I know this sounds basic, but I've spent almost my whole life treating my body like a separate entity from ME and there is a the beginnings of real peace as those disparate parts of me start to connect.
tumblingdays: B&W Photo of a little girl hugging an elephant (ed)
Yesterday was my bi-monthly meeting with my nutritionist. I am recovering from a lengthy history with disordered eating, and while I have made huge progress the last 20 months or so, I still have a long way to go. I am also in the middle of prepping for a major certification exam for my career. Since my ED has stress management implications, this leads to a rough balancing act.

But, this week I had a kind of ridiculous epiphany. I've been maintaining with 5 pounds or so the same weight since I started prepping for this test 10 months ago. I've exercised steadily and my eating has fluctuated in and out of healthy choices. (Don't get confused here, "healthy choices" is not some fucked up code for dieting. I mean eating in a way that makes my body feel good and allows me to experience my emotions rather than stuff them down with food.) I have none-the-less stressed that I should be doing more "work" in this area.

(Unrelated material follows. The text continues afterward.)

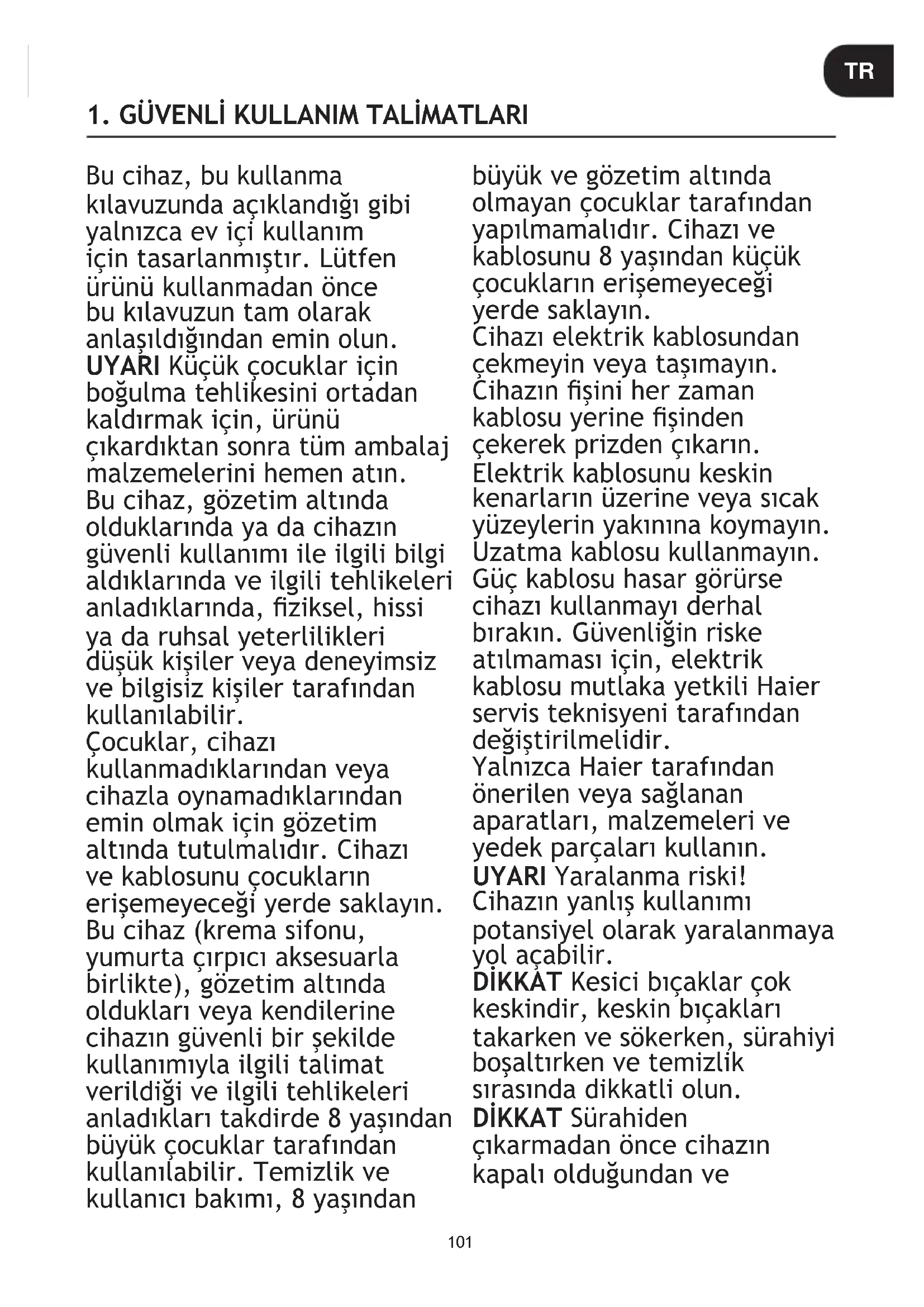 Pred ďalším použitím nechajte zariadenie úplne vychladnúť.101 Bu cihaz, bu kullanma kılavuzun da açıklandığı gibi yalnızca ev içi kullanım için tasarlanmıştır. Lütfen ürünü kullanmadan önce bu kılavuzun tam olarak anlaşıldığından emin olun. UYARI Küçük çocuklar için boğulma tehlikesini ortadan kaldırmak için, ürünü çıkardıktan sonra tüm ambalaj malzemelerini hemen atın. Bu cihaz, gözetim altında olduklarında ya da cihazın güvenli kullanımı ile ilgili bilgi aldıklarında ve ilgili tehlikeleri anladıklarında, ziksel, hissi ya da ruhsal yeterlilikleri düşük kişiler veya deneyimsiz ve bilgisiz kişiler tarafından kullanılabilir. Çocuklar, cihazı kullanmadıklarından veya cihazla oynamadıklarından emin olmak için gözetim altında tutulmalıdır. Cihazı ve kablosunu çocukların erişemeyeceği yerde saklayın. Bu cihaz (krema sifonu, yumurta çırpıcı aksesuarla birlikte), gözetim altında oldukları veya kendilerine cihazın güvenli bir şekilde kullanımıyla ilgili talimat verildiği ve ilgili tehlikeleri anladıkları takdirde 8 yaşından büyük çocuklar tarafından kullanılabilir. Temizlik ve kullanıcı bakımı, 8 yaşından büyük ve gözetim altında olmayan çocuklar tarafından yapılmamalıdır. Cihazı ve kablosunu 8 yaşından küçük çocukların erişemeyeceği yerde saklayın. Cihazı elektrik kablosundan çekmeyin veya taşımayın. Cihazın şini her zaman kablosu yerine şinden çekerek prizden çıkarın. Elektrik kablosunu keskin kenarların üzerine veya sıcak yüzeylerin yakınına koymayın. Uzatma kablosu kullanmayın. Güç kablosu hasar görürse cihazı kullanmayı derhal bırakın. Güvenliğin riske atılmaması için, elektrik kablosu mutlaka yetkili Haier servis teknisyeni tarafından değiştirilmelidir. Yalnızca Haier tarafından önerilen veya sağlanan aparatları, malzemeleri ve yedek parçaları kullanın. UYARI Yaralanma riski! Cihazın yanlış kullanımı potansiyel olarak yaralanmaya yol açabilir. DİKKAT Kesici bıçaklar çok keskindir, keskin bıçakları takarken ve sökerken, sürahiyi boşaltırken ve temizlik sırasında dikkatli olun. DİKKAT Sürahiden çıkarm adan önce cihazın kapalı olduğundan ve

I'm not sure what brought it on, but this week, I got some perspective. I imagined what emotions I would feel if one of my "normal" sized friends told me that she was prepping for a major life change, doing extensive planning, juggling a whole host of new responsibilities, but she felt like she needed to be focusing on weight loss at the same time. I'd be angry at her and for her. I'd be mad that she considers "weight" as important as these other things. I'd be annoyed that she is spinning her wheels with this issue when there is all this other stuff going on. And I'd be angry for her that she feels like she needs to take on this task RIGHT NOW on top of everything else.

This revealed a part of my psyche that I am still struggling with- because I am not "normal" sized, I feel like I don't get that pass to ignore my weight when I am already dealing with so many other things. I don't have a right to just be myself - healthy, active, comfortable- because I wear a size 20. That isn't right. I am active and healthy. I manage stress through exercising and other productive means. I practice self-care. The fact that I am not losing weight is pretty inconsequential in the scheme of things. My nutritionist took it one step farther and pointed out that stress causes your body to slow weight loss because it is holding on to those reserves for your "fight or flight" moment.

The other part of me it reveals is just how deeply seeded the "diet mentality" is. At the beginning of the summer, I would have told you that I am not a dieter. I don't diet. I try to eat intuitively- food that satisfies me and makes me feel good. But this focus on why I am not losing weight amid everything else tells me that there is still some diet mentality going on in my noggin. More work to do there...

In the past, under this kind of stress, I probably would have quickly lost a lot of weight. Dieting was my tool to "control" what I could control- calories going into my body. Some part of brain kind of expected me to lose weight and is disappointed, even though my even keel is one of the best signs of my new, healthy lifestyle.

I have to make peace with the fact that this is the right way to live, working with my body to treat it right rather than trying to force it down the path my brain thinks it should take or hiding from it. Some days, this is tough road.